What tool would you choose for the following task: Train a Bayesian spam filter with some hundreds of spam mails and non-spam mails („ham“ mails), then check the success with some more mails of each kind. You have to write a training function, which sorts words into a collection of some kind and counts the frequencies. The words have to be extracted from the training mails. Then you have to write a function, which looks words up in the data bank and classifies the mails.
This is all possible in Matlab (using regexp, ismember and the like). But Matlab is clearly the wrong choice for such a project. You can do it for some hundred mails in less than a minute. To achieve this, you need to apply Matlab in really clever ways, producing obscure code, and you need a pretty fast computer. With Matlab, I could not beat the code of the students that did the problem before. The running time would not drop below 60 seconds. Debugging was a horror, at least if I wanted to test on the complete range of mails.
So I tried in Java. And indeed, I produced a much cleaner and more flexible code in much less time, running much faster. While Matlab took me half a day to come up with a sub-optimal solution, Java took only about an hour. Okay, I am rather experienced in Java, and not much so in Matlab, but I did not use any deep Java tricks. I expected the code to be much faster. But I was surprised to see the running time shrinking to a fraction of a second.
The first conclusion is that it can become ridiculous to use the wrong tool for a job. And Matlab clearly is the wrong tool for this.

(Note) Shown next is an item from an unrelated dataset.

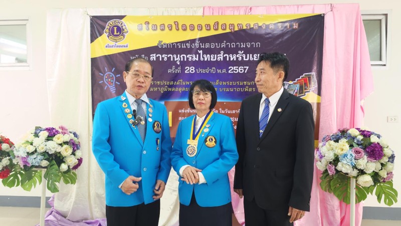ไลออนพยอม กล่าวว่า การแข่งขันตอบคําถามสารานุกรมไทยสําหรับเยาวชน ดําเนินการโดยสโมสรไลออนส์สากลภาครวม 310 ประเทศไทย ร่วมกับมูลนิธิโครงการสารานุกรมไทยสําหรับเยาวชนฯ และสํานักงานคณะกรรมการการศึกษาขั้นพื้นฐาน โดยจัดให้มีการแข่งขัน 3 ระดับคือ ระดับจังหวัด จัดแข่งขันพร้อมกันทั่วประเทศ วันเสาร์ที่ 23 พฤศจิกายน 2567 ระดับภาค แข่งขันวันเสาร์ที่ 14 ธันวาคม 2567 และระดับประเทศ แข่งขันวันเสาร์ที่ 18 มกราคม 2568 เพื่อตอบสนองพระราชประสงค์ในพระบาทสมเด็จพระบรมชนกาธิเบศร มหาภูมิพลอดุลยเดชมหาราช บรมนาถบพิตร เพื่อที่จะส่งเสริมเพิ่มแหล่งเรียนรู้ให้มากขึ้นในเด็ก เยาวชนและประชาชนทั่วไป โดยโรงเรียนที่ได้คะแนสูงสุดของแต่ละระดับจะเป็นตัวแทนของจังหวัดสมุทรสงคราม เพื่อไปแข่งขันในระดับภาคต่อไป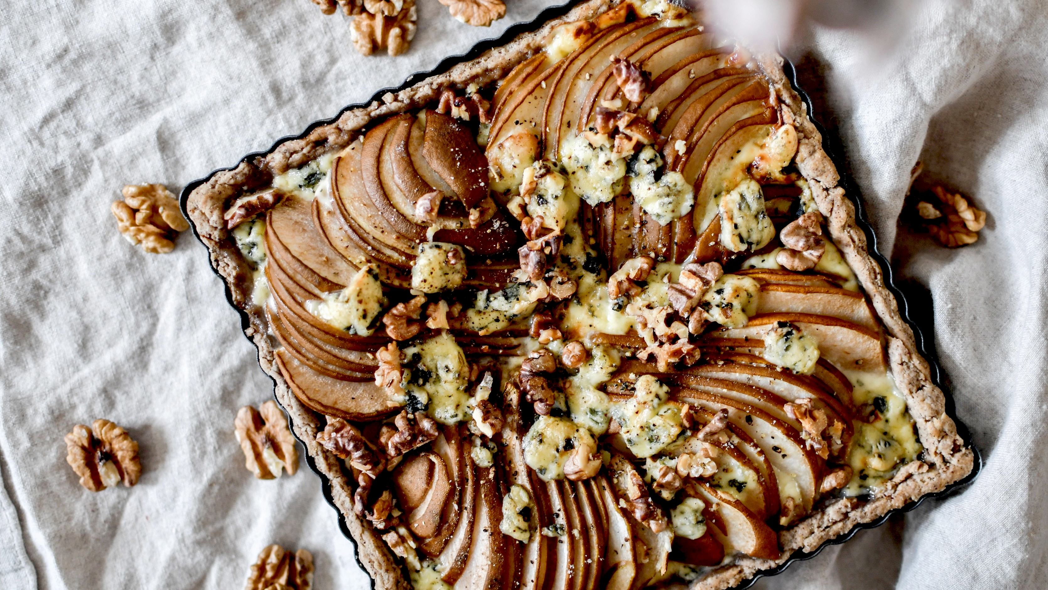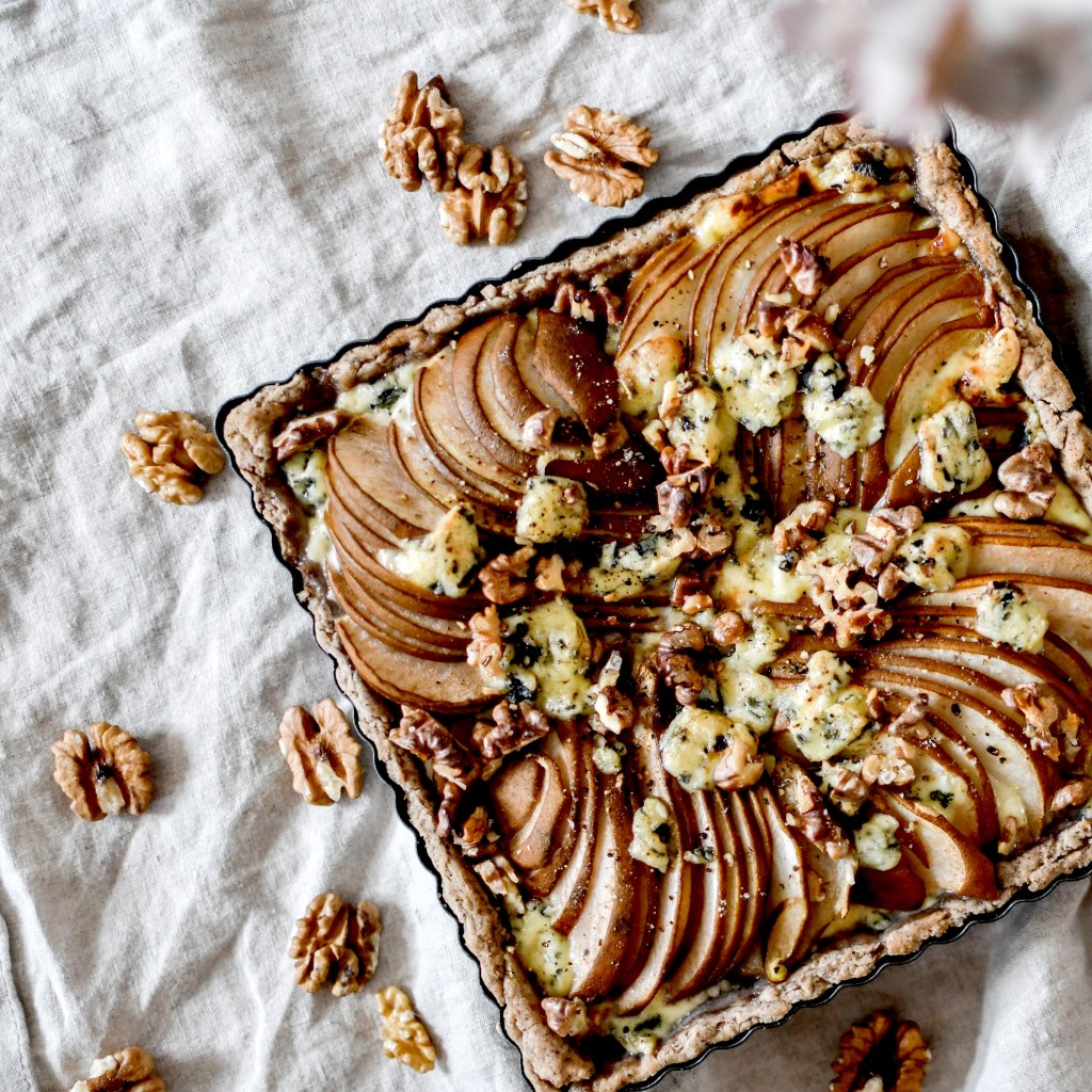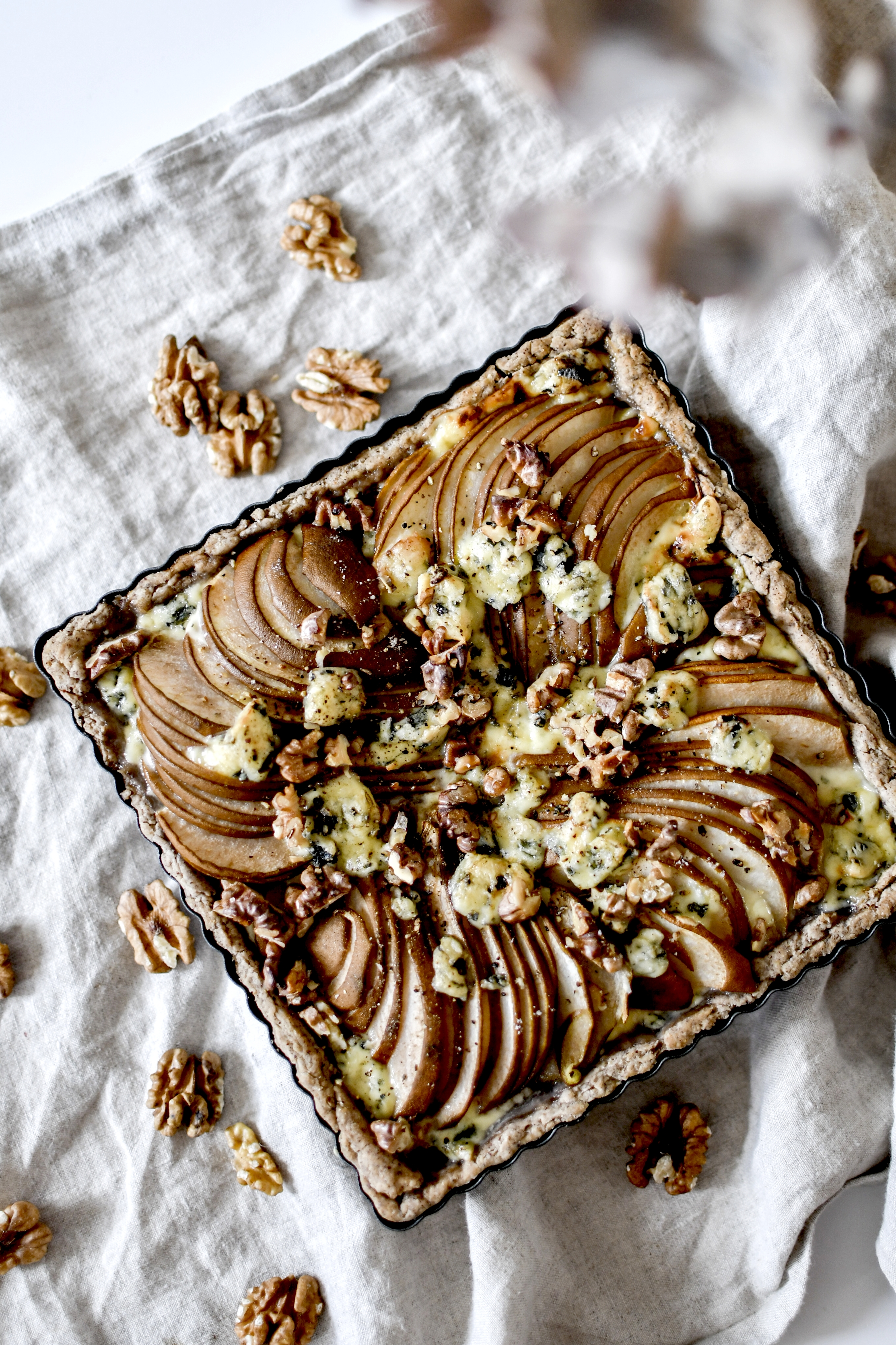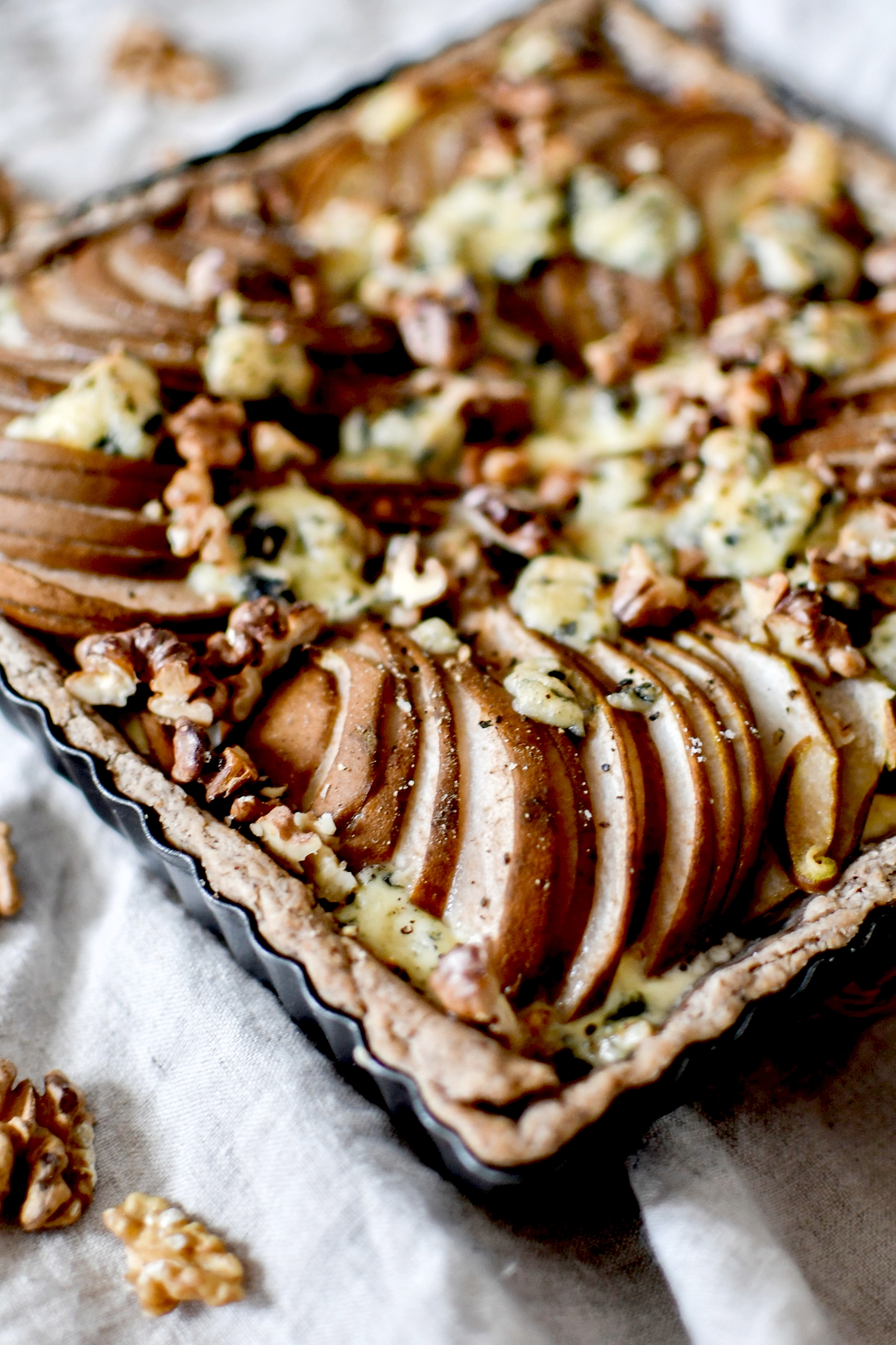 Les poires sont particulièrement adaptées à la cuisson au four. On peut en faire à peu près tout ce que l’on veut, et dans les recettes salées elles sont top. J’adore les associer au bleu (ici j’ai utilisé de la fourme d’Ambert mais on peut très bien y mettre du gorgonzola ou du roquefort). Le petit effet sucré salé est on ne peut plus plaisant, les noix ajoutent du croquant, de la texture et surtout beaucoup de gourmandise à la pâte sablée.

The second conclusion is that we must combine tools. E.g., it looks like a good idea to write a Java program, which produces data for Matlab. Then we are able to draw histograms of frequencies or do whatever Matlab can do with the data. Many of the tools Matlab provides are more difficult in Java, unless you have a very good library at your hands.
I added Euler to the title line of this blog entry, because I want to make a third conclusion. Euler should stick with its aim to provide nice, beautiful, and easy to use mathematical tools to the user. In contrast to Matlab, Euler never tried to be on the edge of numerical computing. For this, there are other tools. And I am not sure, if Matlab is the always the best answer.